▶ **Brief**:
Where a picture appears in the data below, exclude it; restate everything else word for word.

Data provided Start Marker

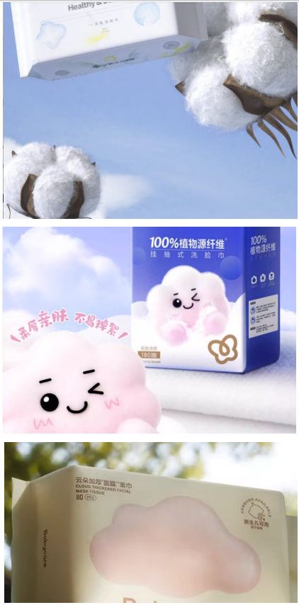 不少商家会在宣传里标注“棉柔巾”或“绵柔巾”,还会提到“亲肤”“柔软”“100%棉”“100%植物源纤维”等词,包装设计还会以蓬松的棉花、云朵、植物等作为元素,给消费者打造一种纯天然的产品印象。
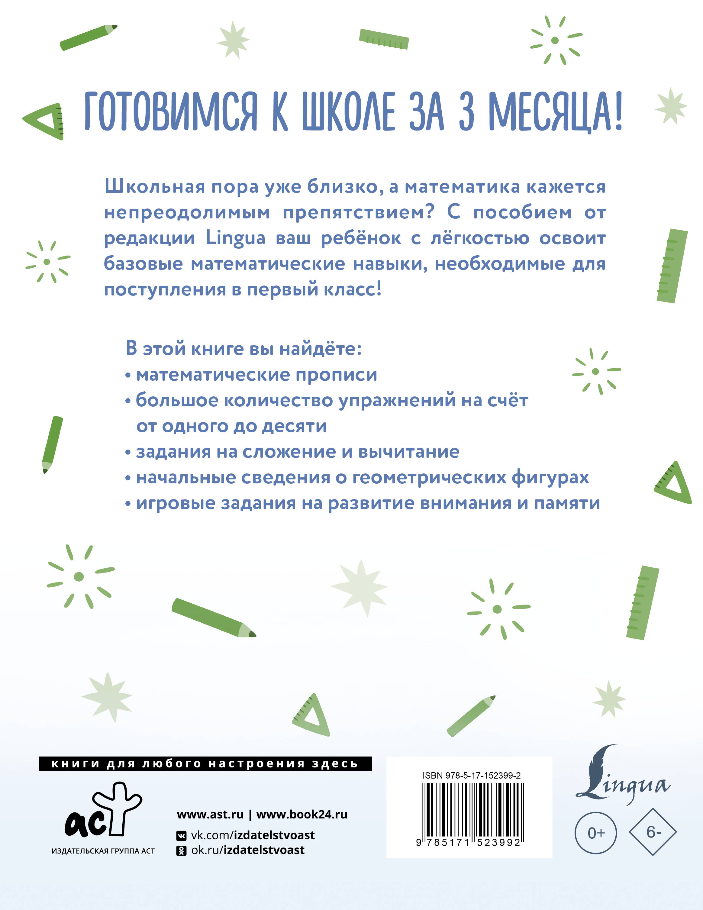 С пособием по математике от редакции Lingua ваш ребёнок с лёгкостью освоит базовые математические навыки, необходимые для поступления в первый класс: научится считать, писать цифры, складывать, вычитать и сравнивать числа. В книге вы также найдёте базовую информацию о геометрических фигурах, упражнения на развитие памяти, внимания и смекалки. Задания сопровождаются весёлыми иллюстрациями. Крупный формат издания облегчит юным ученикам работу с материалом, а большой объём даст возможность закрепить изученное. Издание предназначено для занятий с детьми старшего дошкольного возраста, но может быть полезно и для учащихся начальной школы.| Издательство | ИЗДАТЕЛЬСТВО "АСТ" |
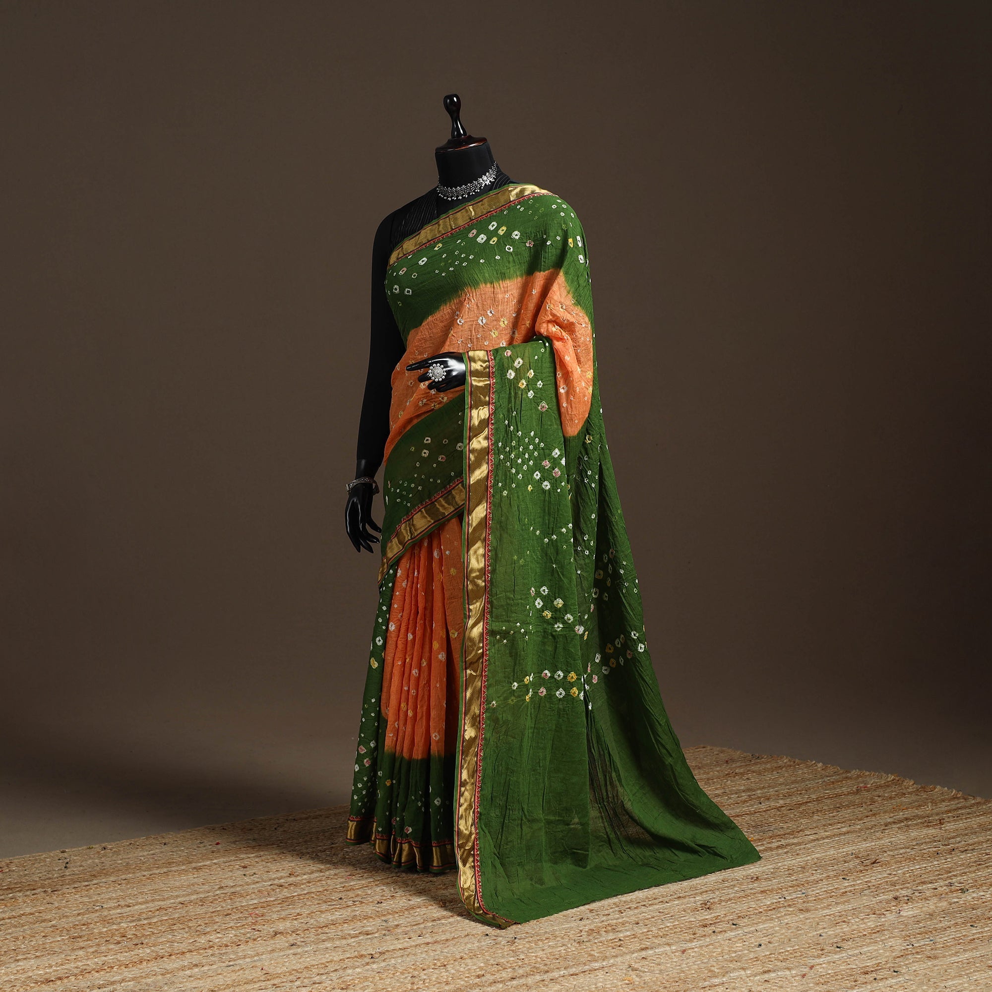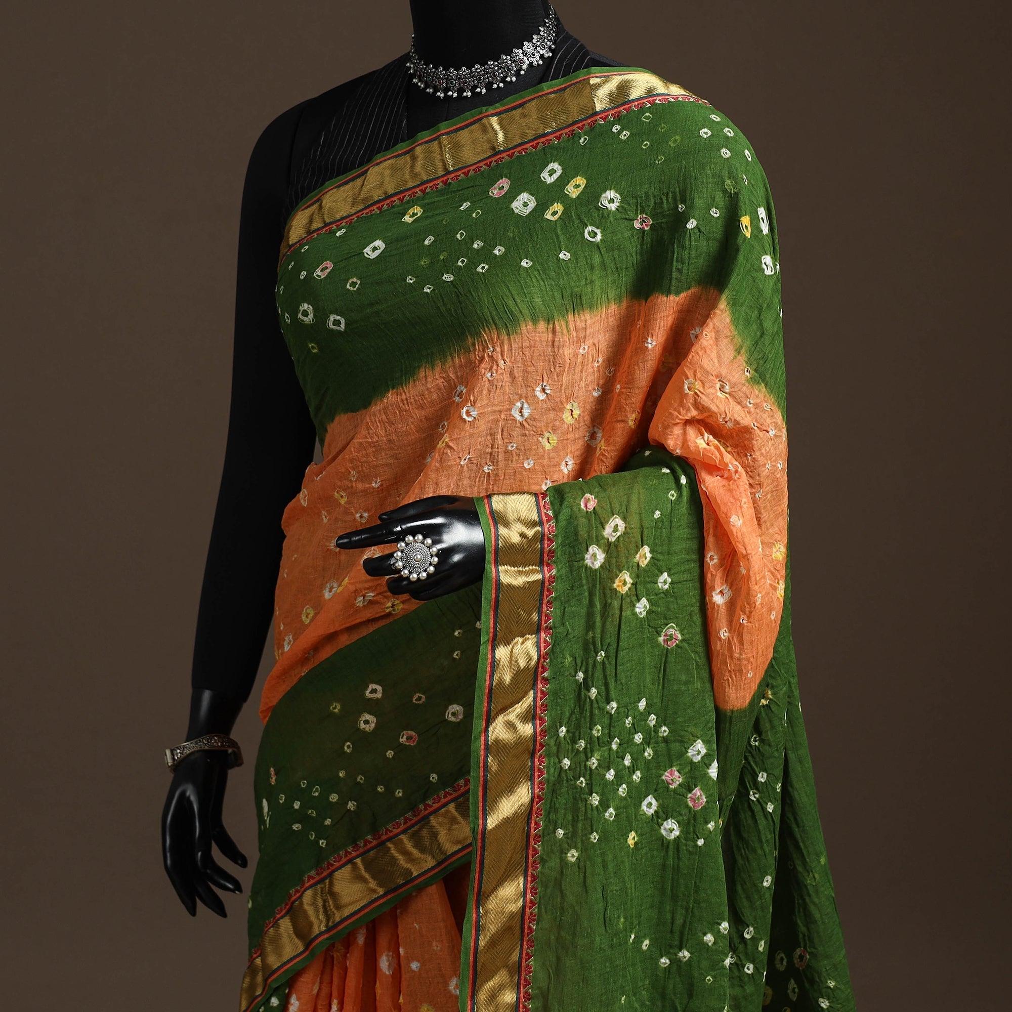 Green bandhani tie-dye cotton saree with blouse piece and border, crafted by artisans from Kutch using the traditional Bandhej method. In this age-old technique, the fabric is tightly tied at tiny points and then dyed to create natural dotted patterns. Each saree is unique because every knot is tied by hand, a skill practiced for generations. Lightweight, vibrant and easy to drape, this saree works beautifully for festive wear as well as everyday outings.

Data provided End Marker

▶ **Task result**:
 不少商家会在宣传里标注“棉柔巾”或“绵柔巾”,还会提到“亲肤”“柔软”“100%棉”“100%植物源纤维”等词,包装设计还会以蓬松的棉花、云朵、植物等作为元素,给消费者打造一种纯天然的产品印象。
 С пособием по математике от редакции Lingua ваш ребёнок с лёгкостью освоит базовые математические навыки, необходимые для поступления в первый класс: научится считать, писать цифры, складывать, вычитать и сравнивать числа. В книге вы также найдёте базовую информацию о геометрических фигурах, упражнения на развитие памяти, внимания и смекалки. Задания сопровождаются весёлыми иллюстрациями. Крупный формат издания облегчит юным ученикам работу с материалом, а большой объём даст возможность закрепить изученное. Издание предназначено для занятий с детьми старшего дошкольного возраста, но может быть полезно и для учащихся начальной школы.| Издательство | ИЗДАТЕЛЬСТВО "АСТ" |
 Green bandhani tie-dye cotton saree with blouse piece and border, crafted by artisans from Kutch using the traditional Bandhej method. In this age-old technique, the fabric is tightly tied at tiny points and then dyed to create natural dotted patterns. Each saree is unique because every knot is tied by hand, a skill practiced for generations. Lightweight, vibrant and easy to drape, this saree works beautifully for festive wear as well as everyday outings.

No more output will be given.